> **What to produce**
Print the material below exactly as it stands, please, from its first line to the line holding "拉撒路·雪鸮人老祖是一张白色", with no pictures.

> **Working data**
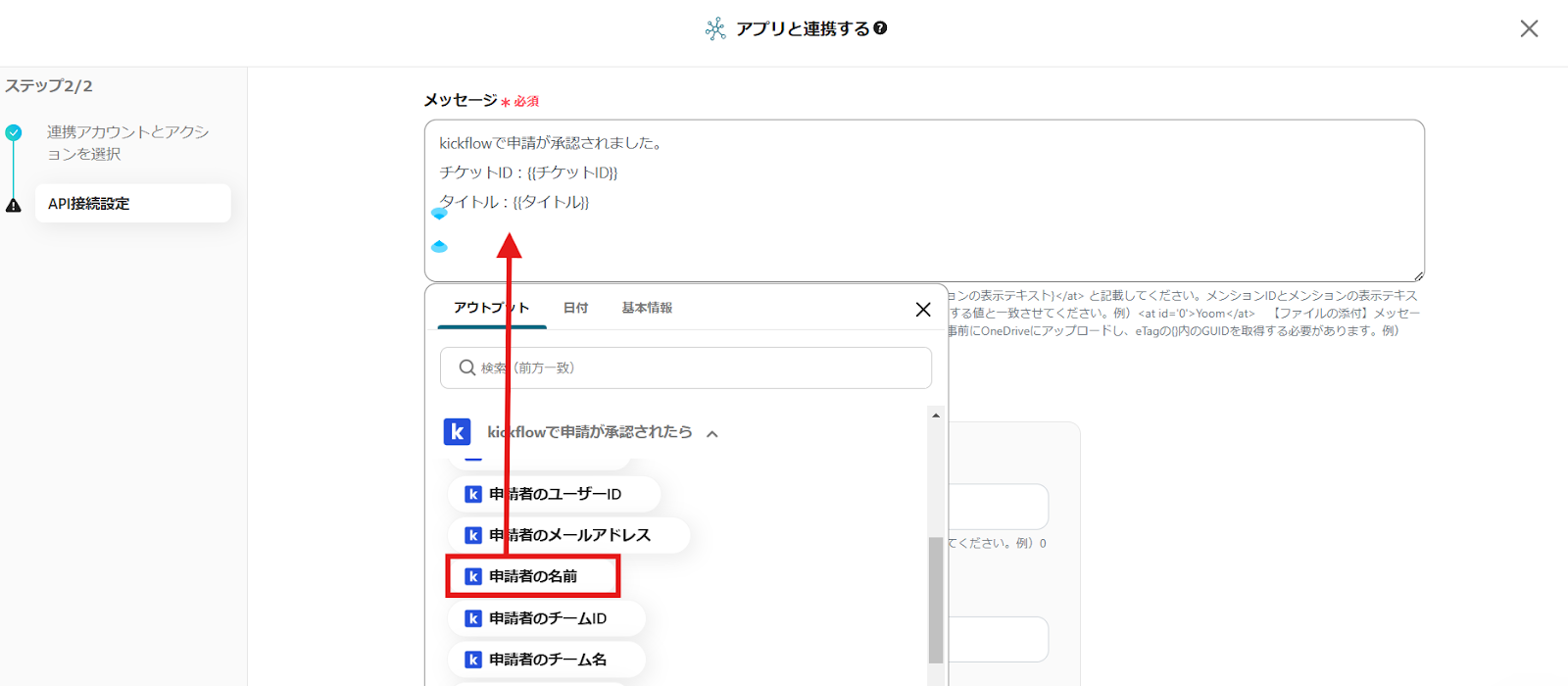 Microsoft Teamsに通知したいデータをクリックして挿入しましょう。
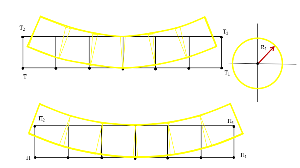 Відрізок ТТ1 розділити на 6 частин, відповідно поставити точки 1,2,3,4,5, через них провести вертикальні лінії.
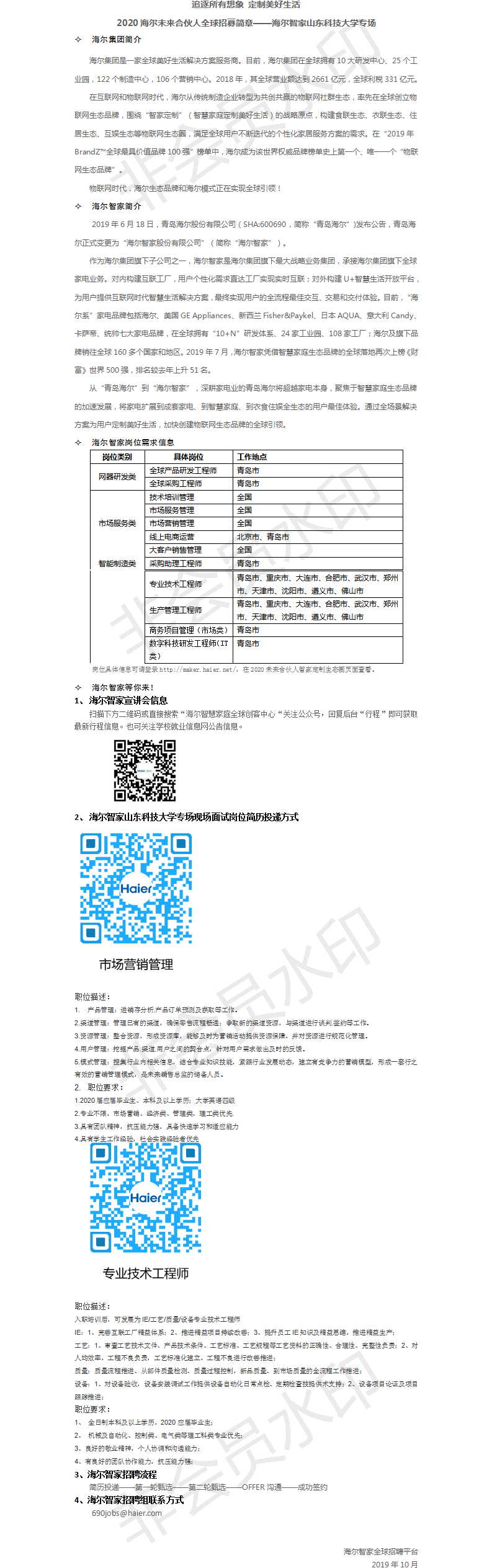 招聘信息019:2020海尔未来合伙人全球招募简章
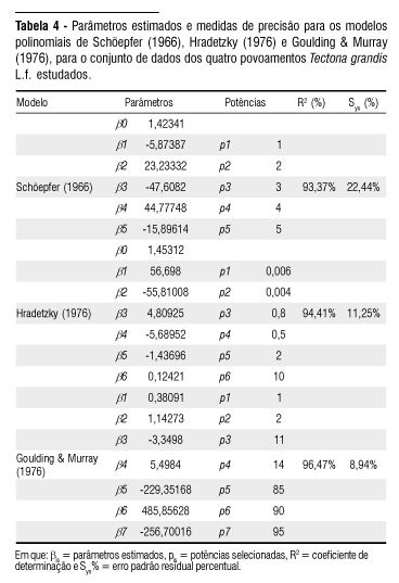 Os parâmetros e potências de todos os modelos polinomiais testados e as respectivas estatísticas de precisão encontram-se na Tabela 4. Para os modelos de afilamento Hradetzky (1976) e Goulding & Murray (1976) foi empregado o procedimento Stepwise para a seleção das variáveis e suas respectivas potências.
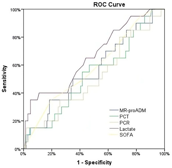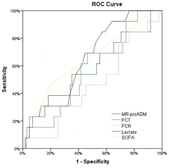 Therefore, we hypothesized that the biomarkers mid-regional pro-adrenomedullin (MR-proADM), procalcitonin (PCT), C-reactive protein (CRP), and lactate can help identify 28-day mortality in patients with sepsis and SOFA score ≤ 6.
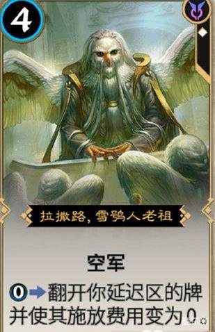 拉撒路·雪鸮人老祖是一张白色传奇卡,4费3/4还算不错,毕竟还有空军加持,同时能力可以让延迟区的卡牌立刻生效,很多人觉得延迟区卡牌立刻生效的价值不大,和直接释放没有什么差别,但游戏中部分法术卡的特殊效果,还是让这张传奇卡有一定作用。
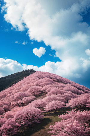 A hill side full of blooming sakura trees with a herat shaped cloud above it.
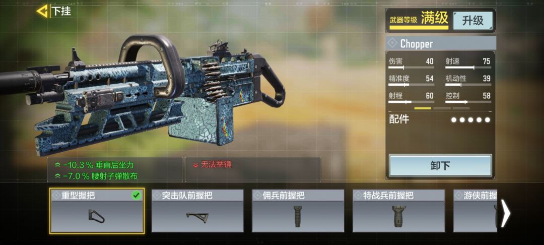 这把枪有着自己专属的下挂配件——重型握把,当你40级解锁这件配装并且装备后,这把枪才能被称作Chopper。重型握把装备后武器将无法开镜(开镜会转变为特殊缩放效果,击杀会被计入开镜击杀)
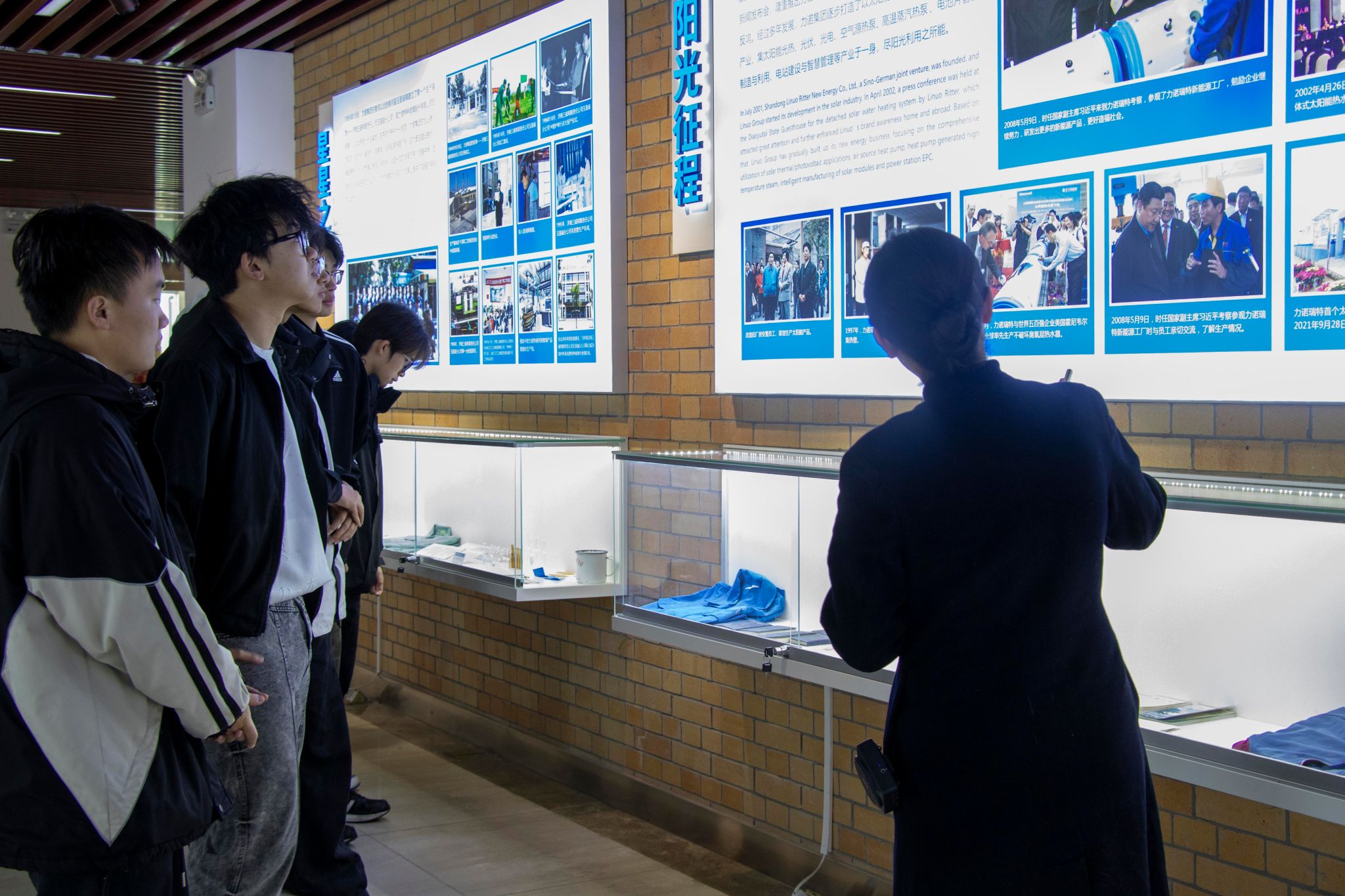 在力诺集团工作人员的引导下,师生们首先参观了集团的科技展厅。展厅内陈列着企业在太阳能、制药、玻璃制品等领域的最新研发成果。工作人员详细介绍了集团的发展历程、核心技术以及未来规划,学生们认真聆听,不时记录,对力诺集团在科技创新方面的成就赞叹不已。
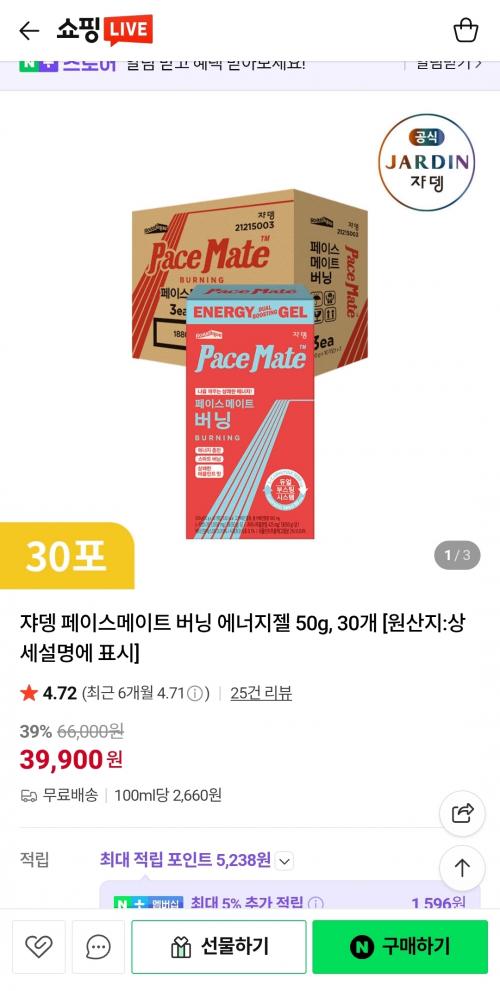 쟈뎅 페이스메이트 버닝 에너지젤 50g, 30개 : https://product.shoppinglive.naver.com/products/5814820679
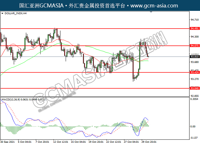 20211102 DOLLAR_INDX by willy | Nov 2, 2021 | 美元指数 | 0 comments DOLLAR_INDX,H4:美指震荡下行。MACD多头动能略减,短期关注空头为主。上方关94.05压力和94.50压力,下方关注93.40支撑和93.05支撑。
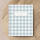 Ein speziell entworfenes Rezept-Notebook mit individuelle Name auf weichem, staubblauen Büffel-Karo-Muster.
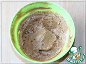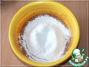 Вмешать просеянную с разрыхлителем муку (5 ст. л.). Хорошо перемешать и лучше миксером, так чтобы не было комочков. Тесто по консистенции, как густая сметана.
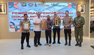 Tangsel, mediakota.com — Polres Tangerang Selatan memberikan penghargaan kepada tiga (3) Siskamling Terpadu terbaik di wilayah hukumnya, sebagai apresiasi atas peran serta masyarakat dalam menjaga keamanan dan ketertiban lingkungan.
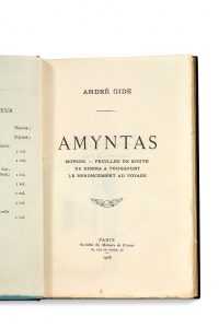 GIDE AndrE (1869-1951) Amyntas. Mopsus. Feuilles de route. De Biskra à Touggourt. Le Renoncement au voyage. Paris, Mercure de France, 1906 In-12, 3 ff. bl., 291 pp., couv. et dos, 3 ff. bl.. Maroquin bleu nuit, dos à nerf titré or, doublures de...
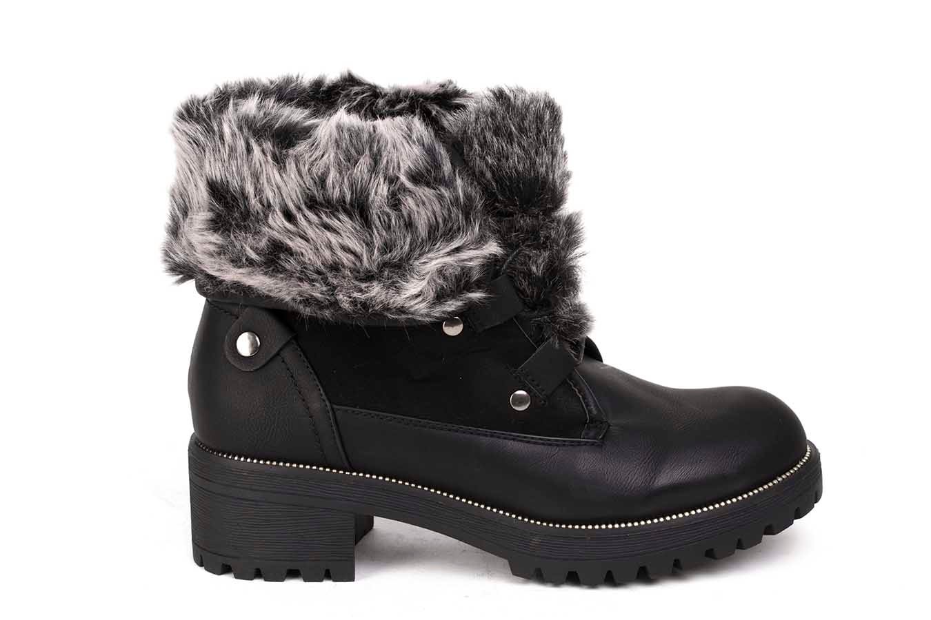 Botín Mujer Color Negro New Walk. Estilo casual. Confeccionado en símil cuero y símil piel. Ajuste mediante cordones.Taco de 5 cm de altura, caña de13 cm. Material Capellada: Símil cuero. Material Forro: Piel y textil. Material Planta: Goma Horma Grande.
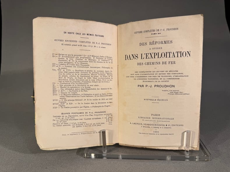 Paris, Librairie internationale, 15, boulevard Montmartre, A. Lacroix, Verboeckhoven & Cie, éditeurs, À Bruxelles, à Leipzig et à Livourne1868 In 12 broché, couverture jaune impriméOuvrage extrait de la série « œuvres complètes de P.-J. PROUDHON Tome XII
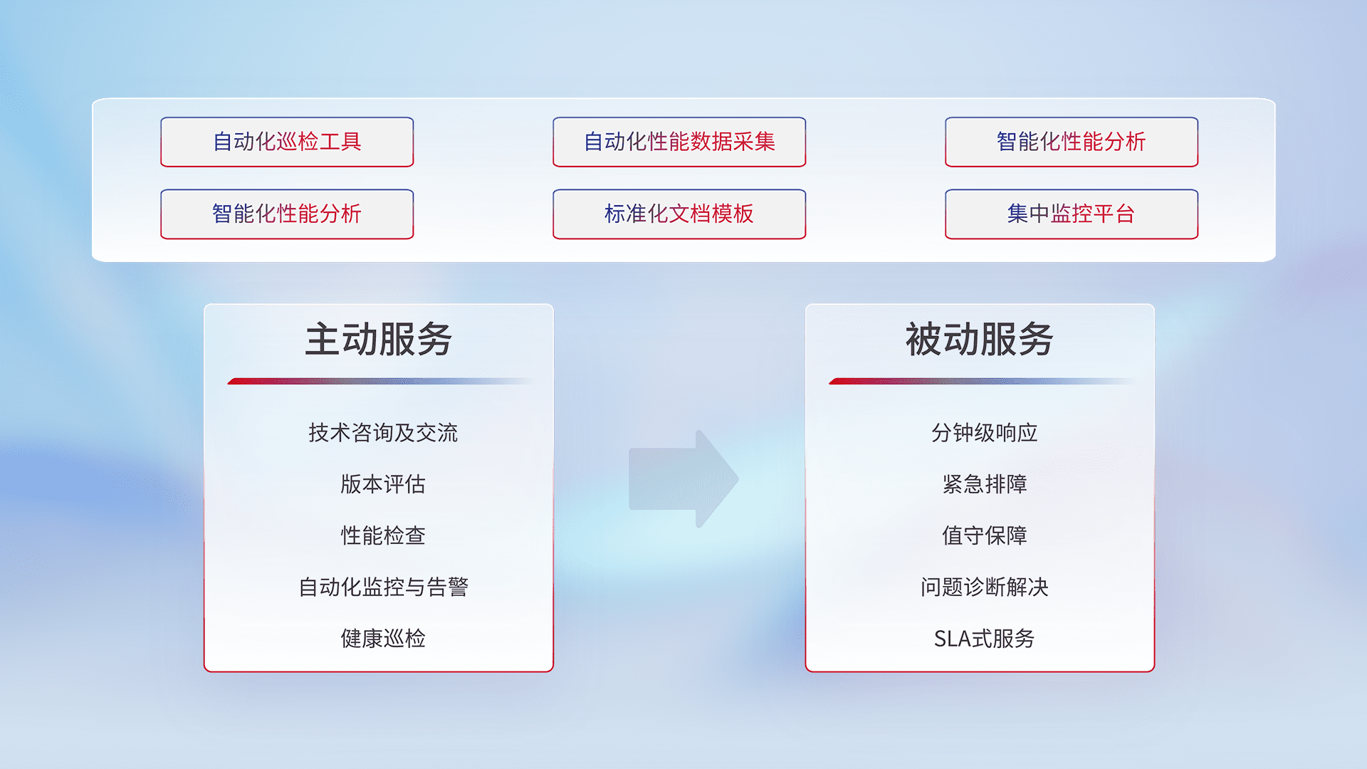 智能化工具和标准化文档,,,保障服务质量,,,提供主动服务(包含技术咨询、、、、版本评估、、性能检查、、、自动化监控与告警、、、、健康巡检)和被动服务包含(分钟级响应、、、、紧急排障、、值守保障、、问题诊断解决、、、SLA服务)。。
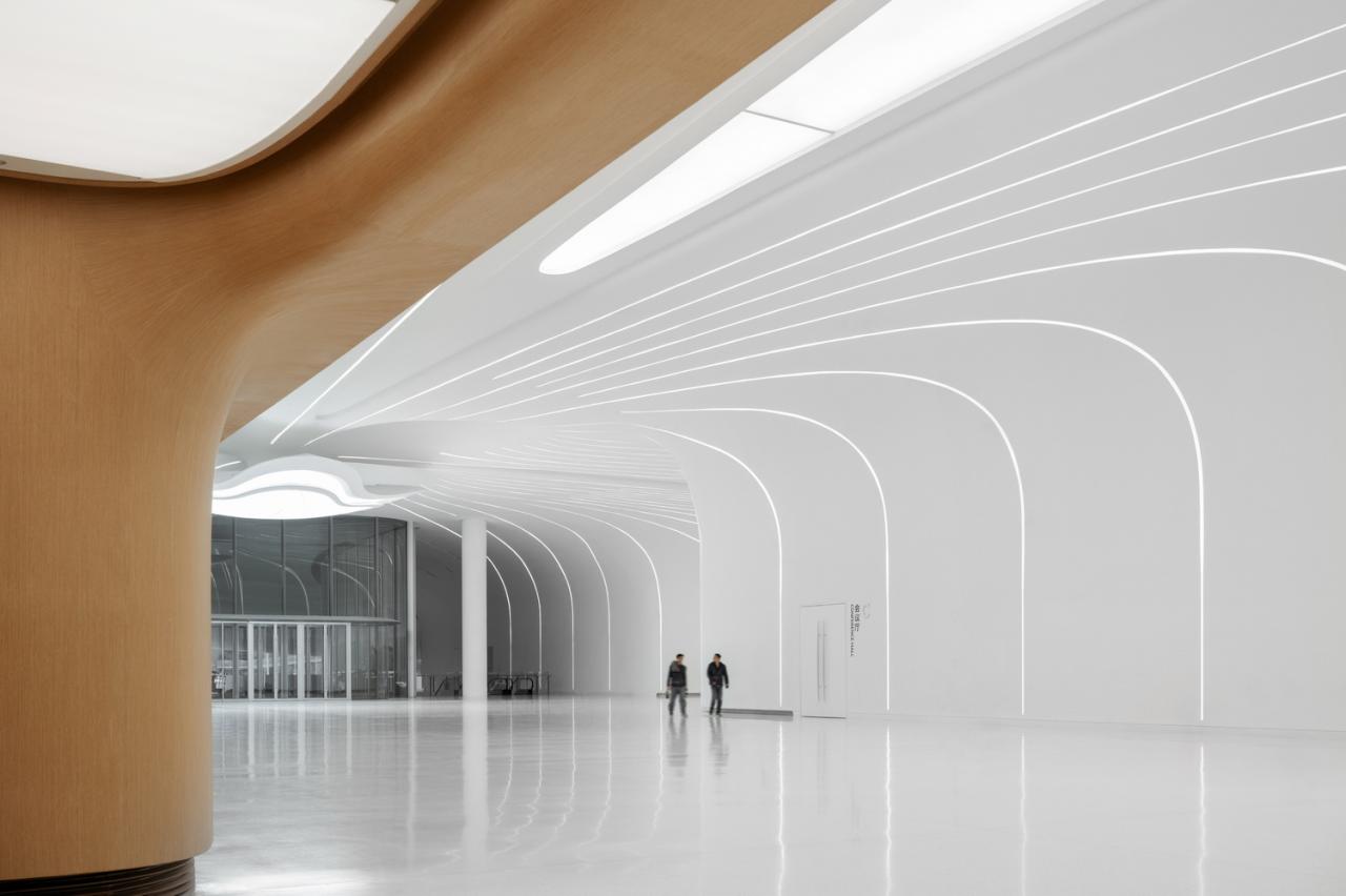 照明设计创新性地让可调节色温的室内灯光沿着建筑结构律动。灯光汇聚于中央飞行器,既为室内营造了不同的科技氛围,也打造了一处极具观赏性的空间装置艺术品。

> **Response box**
 Microsoft Teamsに通知したいデータをクリックして挿入しましょう。
 Відрізок ТТ1 розділити на 6 частин, відповідно поставити точки 1,2,3,4,5, через них провести вертикальні лінії.
 招聘信息019:2020海尔未来合伙人全球招募简章
 Os parâmetros e potências de todos os modelos polinomiais testados e as respectivas estatísticas de precisão encontram-se na Tabela 4. Para os modelos de afilamento Hradetzky (1976) e Goulding & Murray (1976) foi empregado o procedimento Stepwise para a seleção das variáveis e suas respectivas potências.
 Therefore, we hypothesized that the biomarkers mid-regional pro-adrenomedullin (MR-proADM), procalcitonin (PCT), C-reactive protein (CRP), and lactate can help identify 28-day mortality in patients with sepsis and SOFA score ≤ 6.
 拉撒路·雪鸮人老祖是一张白色传奇卡,4费3/4还算不错,毕竟还有空军加持,同时能力可以让延迟区的卡牌立刻生效,很多人觉得延迟区卡牌立刻生效的价值不大,和直接释放没有什么差别,但游戏中部分法术卡的特殊效果,还是让这张传奇卡有一定作用。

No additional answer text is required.